I am currently doing an online course in Udemy to clarify some things for a project I'm currently doing on solid rigid motion and simulation in University, although understanding some of the things regarding the use of rotation matrixes has confused for some time already.
Given a coordinate system $\{XYZ\}_I$, and a sequence of rotations in $Z$, $Y$, $X$ represented by the matrices $R_z$,$R_y$,$R_x$ respectively performed over the original axis and not the one after each rotations that rotate $\{XYZ\}_I$ to $\{XYZ\}_B$ , and given $u_B \in \mathbb{R}^3$, I do not understand completely the way to calculate $u_I$ is: \begin{equation} u_I = R_xR_yR_zu_B \label{eq1} \end{equation}
What I understand of Rotation matrices is that a rotation from a frame $\{XYZ\}_A$ to an rotated frame $\{XYZ\}_B$ can be described as a rotation matrix $R$ that maps a vector from the rotated frame $B$ to an original frame $A$ the following way:
$$u_A = R u_B$$
Following that intuition, by calculating the rotations as in the first equation it would imply that the $Rz$ maps the vector $u_B$ to an intermediate frame (let's say $B_z$), then $R_y$ maps from $B_z$ to another intermediate frame (let's say $B_y$), and finally, $R_x$ rotates from $B_y$ to the inertial and original body frame $I$.

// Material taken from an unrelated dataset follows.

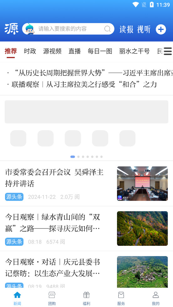 2、源新闻客户端整合了原丽水日报报业传媒集团指尖丽水和原丽水广播电视集团无限丽水两大新闻客户端,集合报纸、电视、广播的优质新闻资源
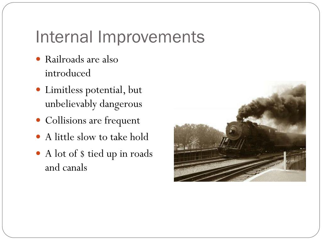 Internal Improvements • Railroads are also introduced • Limitless potential, but unbelievably dangerous • Collisions are frequent • A little slow to take hold • A lot of $ tied up in roads and canals

According to the course, that is not like that because the rotations in this case are described as rotations from the inertial frame to each of the intermediate body frames. That would mean that $Rz$ maps from the first intermediate frame to the inertial frame (instead of maping form the final body frame to the first intermediate), and then, the next rotation would be mapping from the inertial frame to the inertial frame again (?) since the vector that was returned in the previous transformation is to the inertial frame, but that is a contradiction unless all the rotations left are the identity.

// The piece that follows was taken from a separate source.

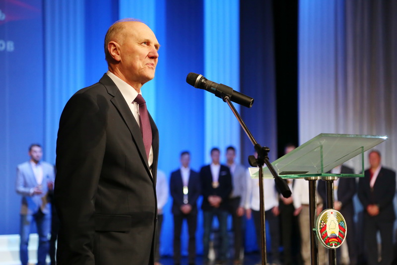 Чествование хоккеистов продолжилось в большом зале драмтеатра. Председатель облисполкома Владимир Кравцов зачитал поздравление Президента Беларуси. В нем говорится, что это достижение – результат серьезной работы не только спортсменов, но и всех специалистов и тренеров, обеспечивавших необходимые условия для успешного выступления команды.

I know there is something I'm not getting, and I know there is also the possibility of post-multiplying instead of pre-multiplying, which I guess that implys doing the opposite rotaiton, although I'm still a bit lost and don't totally understand this elements.
Also, even if I can kind of see how it works if we are rotating from a given frame to another frame, and a sequence of rotations, how would we define a sequence of rotations if they are all respect to the world, inertial frame?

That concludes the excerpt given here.